The TD update rule is given by:
\(V_{\text{new}}(S_{t-1}) \leftarrow V(S_{t-1}) + \alpha\Delta V(S_{t-1}), \\ \Delta V(S_{t-1}) = R_t + \gamma V(S_t ) -V(S_{t-1}), \)
where \(V(S)\) is the value function, \(S_{t-1}\) and \(S_{t}\) ist the old and the current state, respectively, \(R_t\) is the reward at time \(t\), \(\gamma\) is the discount factor and \(\alpha\) a positive learning rate.

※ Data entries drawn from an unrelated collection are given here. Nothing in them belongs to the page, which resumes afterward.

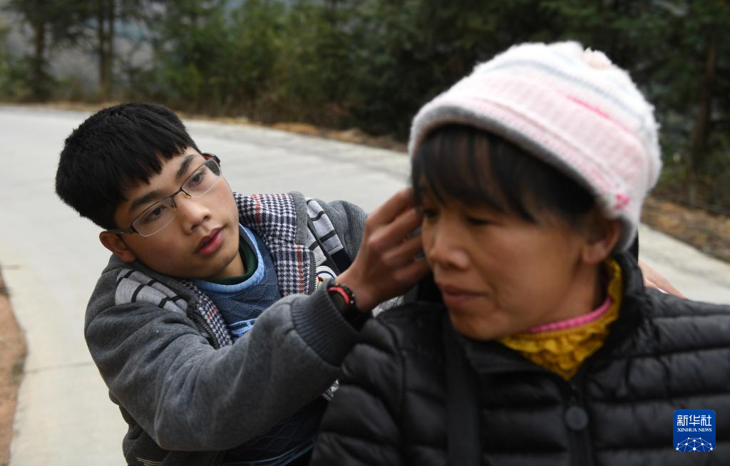 ↑黄必华在上学路上为妈妈黄乜鲜整理帽子挡风(2018年2月26日摄)。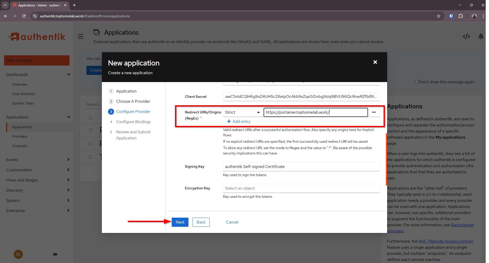 Select Redirect URI (your portainer fully qualified domain name) adn click Next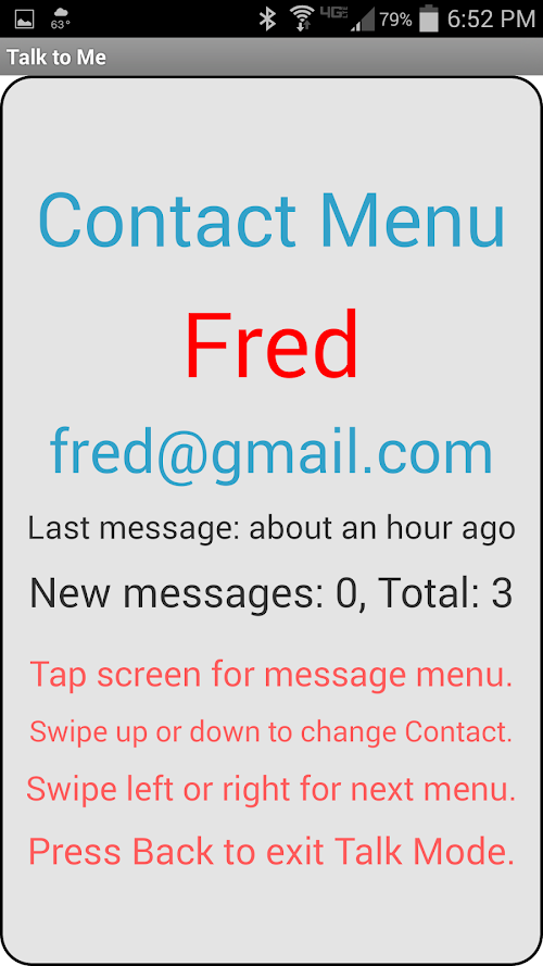 It allows you to ‘shake’ your device to enter ‘Talk Mode’ and from there, you can swipe different directions to change menus. It will talk to you and tell you where you are in the app so you don’t have to look at the screen. Perfect for driving (but please follow all local laws) as you do not have to look at the screen to listen or record a response!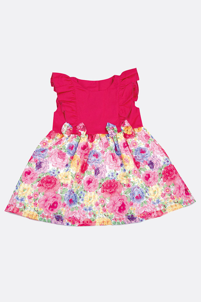 Vestitino in tela elasticizzata con balze e inserti in organza fantasia floreale
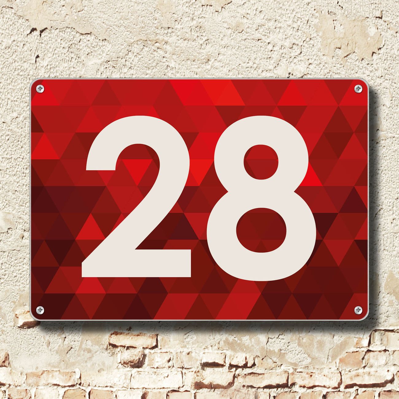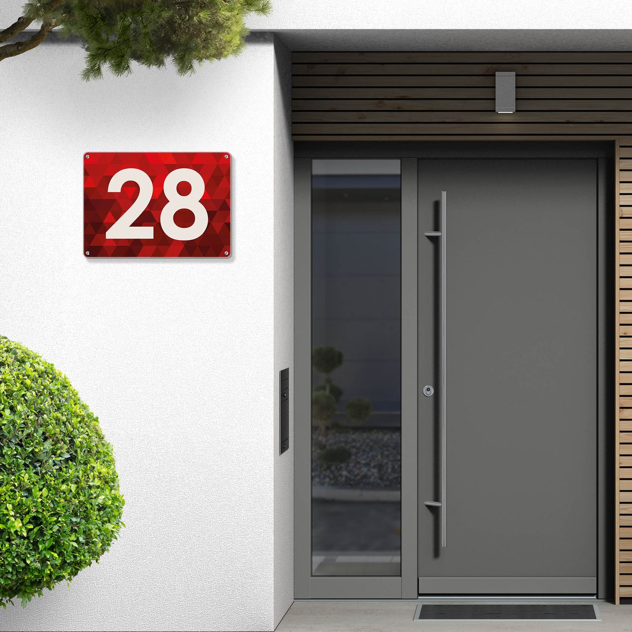 Hausnummernschild Edelstahl personalisierbar Dreiecke Rot

In our example task, we consider a new information due to the reward \(\boldsymbol{R_T}\). In the following, we show how this information is propagated back to give new values. The information due to \(\boldsymbol{R_T}\) is indicated by bold symbols. At state \(S_{T-1}\), the update gives following new value \(\boldsymbol{V_{\text{new}}(S_{T-1})}\):
\(\boldsymbol{V_{\text{new}}(S_{T-1})} \leftarrow V(S_{T-1}) + \alpha\boldsymbol{\Delta V_{\text{new}}(S_{T-1})}, \\ \boldsymbol{\Delta V_{\text{new}}(S_{T-1})} = \boldsymbol{R_T}+\gamma V(S_{T}) - V(S_{T-1}) ,\)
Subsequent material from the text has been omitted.